The Perceptual Observatory Characterizing Robustness and Grounding in MLLMs
Tejas Anvekar, Fenil Bardoliya, Pavan K. Turaga, Chitta Baral, Vivek Gupta
TL;DR
This work introduces The Perceptual Observatory, a principled framework for evaluating perceptual robustness and vision-language grounding in multimodal LLMs using controlled perturbations across two domains: face identity and text-in-vision. By pairing pixel-based augmentations with diffusion-based stylized illusions and evaluating three core tasks—image matching, grid pointing, and attribute localization—the study reveals that scaling the language component often fails to improve perceptual grounding when the vision encoder is fixed. Key findings show that identity robustness varies with perturbation type, grounding under OOD remains challenging, and thinking-enabled decoding can help in some cases while hindering transfer, especially for faces. The paper provides a reusable dataset and pipeline, offering actionable insights for joint vision-language alignment and fair, robust MLLM design beyond traditional end-task benchmarks.
Abstract
Recent advances in multimodal large language models (MLLMs) have yielded increasingly powerful models, yet their perceptual capacities remain poorly characterized. In practice, most model families scale language component while reusing nearly identical vision encoders (e.g., Qwen2.5-VL 3B/7B/72B), which raises pivotal concerns about whether progress reflects genuine visual grounding or reliance on internet-scale textual world knowledge. Existing evaluation methods emphasize end-task accuracy, overlooking robustness, attribution fidelity, and reasoning under controlled perturbations.

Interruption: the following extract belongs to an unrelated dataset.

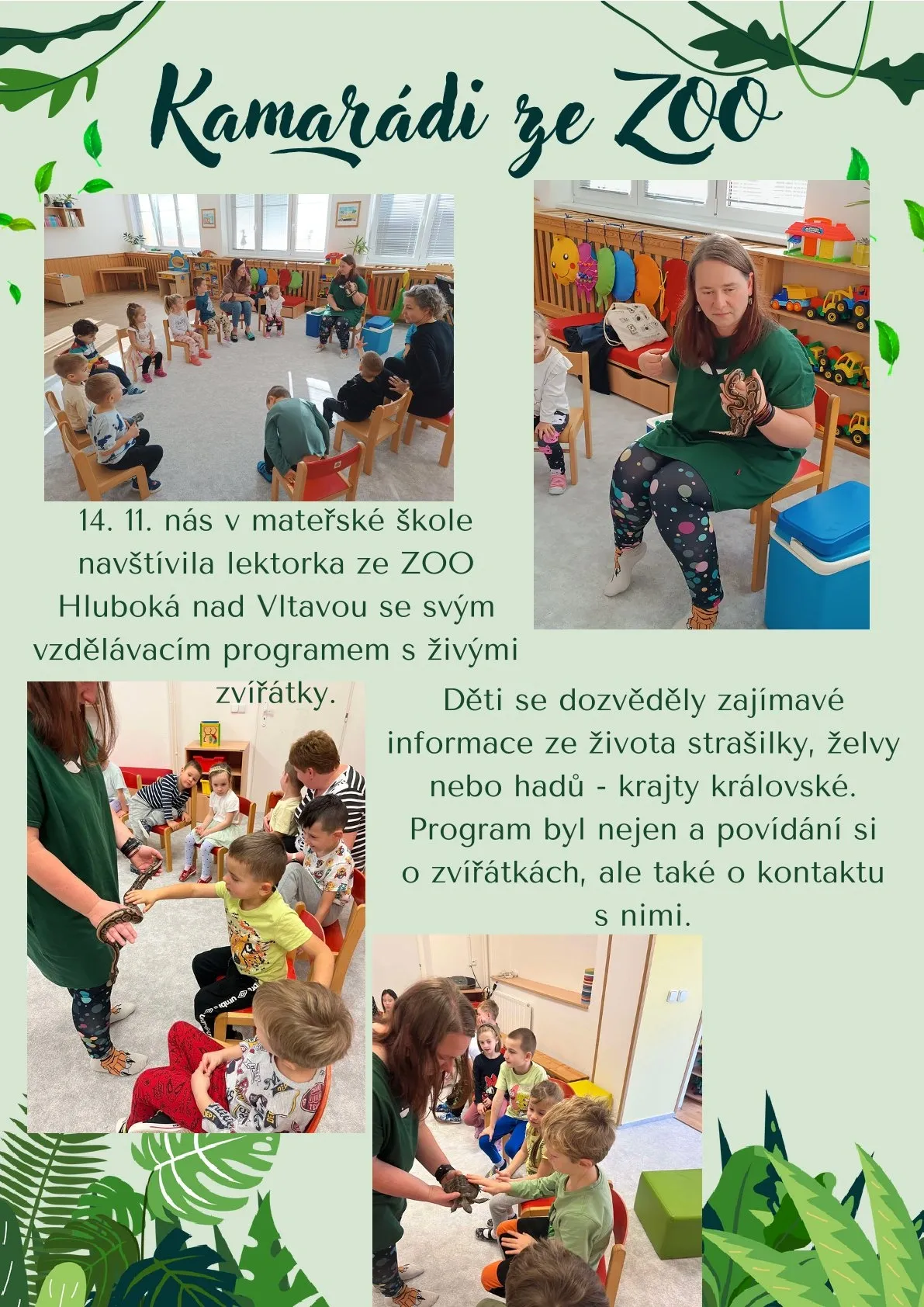 Dne 14. 11. nás v mateřské škole navštívila lektorka ze ZOO Hluboká nad Vltavou se svým vzdělávacím programem s živými zvířátky.

We present The Perceptual Observatory, a framework that characterizes MLLMs across verticals like: (i) simple vision tasks, such as face matching and text-in-vision comprehension capabilities; (ii) local-to-global understanding, encompassing image matching, grid pointing game, and attribute localization, which tests general visual grounding. Each vertical is instantiated with ground-truth datasets of faces and words, systematically perturbed through pixel-based augmentations and diffusion-based stylized illusions. The Perceptual Observatory moves beyond leaderboard accuracy to yield insights into how MLLMs preserve perceptual grounding and relational structure under perturbations, providing a principled foundation for analyzing strengths and weaknesses of current and future models.